→ Dataset entries:
-*-*-
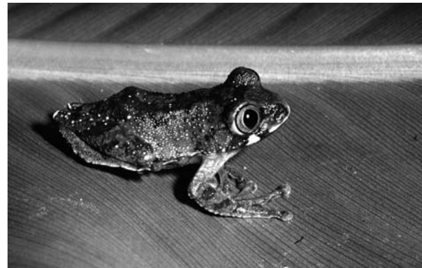
Fig. 7. Leptopelis mackayi from Kakamega Forest.

Remarks: All vouchers were from the Buyangu area and some were collected with a drift fence next to a pond. One specimen was collected on the Buyangu Hill outside the forest under stones.
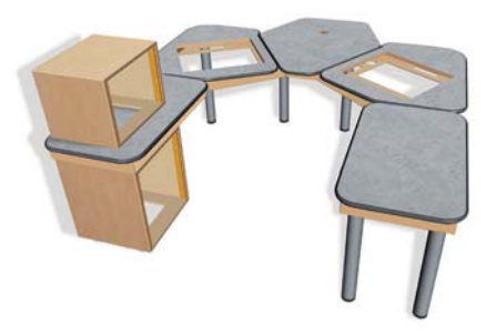
Split Mixer Furniture with SOL-MBCT Talks Table Desk Top.

U-shaped woodwork which allows space for up to 3 TFT monitor screens in the centre of the presenter's vision for automated playout, or editing, systems.
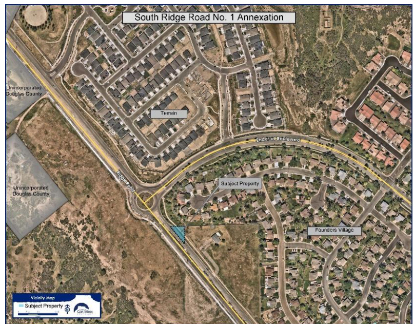
Figure 2: South Ridge Road No. 1 Annexation Vicinity Map
-*-*-
→ WHAT YOU WILL DO:
With the images excluded, output every record verbatim.

→ SOLUTION FOR THIS EXERCISE:
Fig. 7. Leptopelis mackayi from Kakamega Forest.

Remarks: All vouchers were from the Buyangu area and some were collected with a drift fence next to a pond. One specimen was collected on the Buyangu Hill outside the forest under stones.
Split Mixer Furniture with SOL-MBCT Talks Table Desk Top.

U-shaped woodwork which allows space for up to 3 TFT monitor screens in the centre of the presenter's vision for automated playout, or editing, systems.
Figure 2: South Ridge Road No. 1 Annexation Vicinity Map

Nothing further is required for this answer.